September 12, 2013 | 2 min read

Two free public seminars on Australia’s Banned Books are taking place to shed light on Australia's censorship processes in recent history.

Naughty, naughty.

Popular fiction titles Love Me Sailor, Road Floozie and Crimes of Passion are among those seized by Customs officers and banned.

"Even books that today are loved as literary classics, by writers such as Aldous Huxley, George Orwell, DH Lawrence and Honoré de Balzac were also deemed as unsuitable for Australian minds from the 1930s to the 1970s – because they were considered blasphemous, indecent or obscene,'” said Mairi Popplewell, from the National Archives in Brisbane.

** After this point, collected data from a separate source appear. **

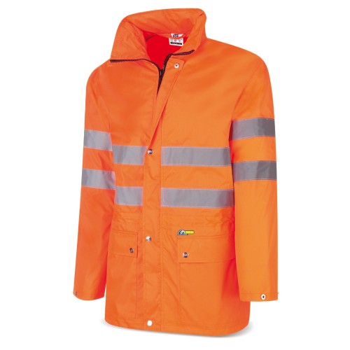 Chaqueta con protección a la Lluvia y de alta visibilidad. Costuras termoselladas. Capucha ajustable mediante cordel con tancas, del mismo tejido de la prenda. Cierre frontal por cremallera inyectada de color negro y 2 bolsillos de parche, inferiores en ambos delanteros.Compatible con pantalón 288PAFNF.Composición: Tejido: 100% poliéster (con recubrimiento de PU).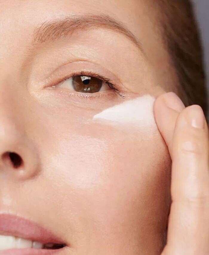 Разогрейте кончики пальцев, прежде чем постучать безымянным пальцем под глазами от внутреннего угла к внешнему. Слегка массируйте для впитывания, стараясь не тянуть и не дергать эту деликатную область.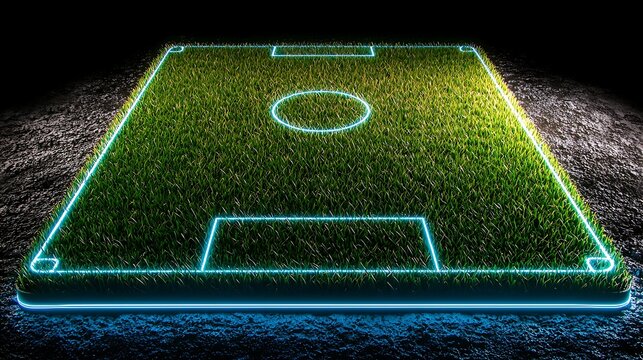 textured soccer game field with neon fog center, midfield, 3D Illustration

“Robert Close, the author of Love Me Sailor, was even prosecuted on the charge of 'obscene libel' and sent to prison in 1948. On his release he left Australia vowing never to return. His book was later published in France and became an international bestseller. Love Me Sailor was eventually cleared in 1960, and described by the appeal censor LH Allen as 'a remarkable achievement in the literature of the sea',” the Government said in a statement announcing the exhibition.

“The Catcher in the Rye by JD Salinger was banned by the Minister for Customs in 1957, without being referred to the Literature Censorship Board. It caused national embarrassment when a copy was later found in the Parliamentary Library,” it added.

'Modern readers are sometimes unable to understand why certain books were ever banned,' said Popplewell.

The seminars take place on Wednesday 18 and Saturday 21 September.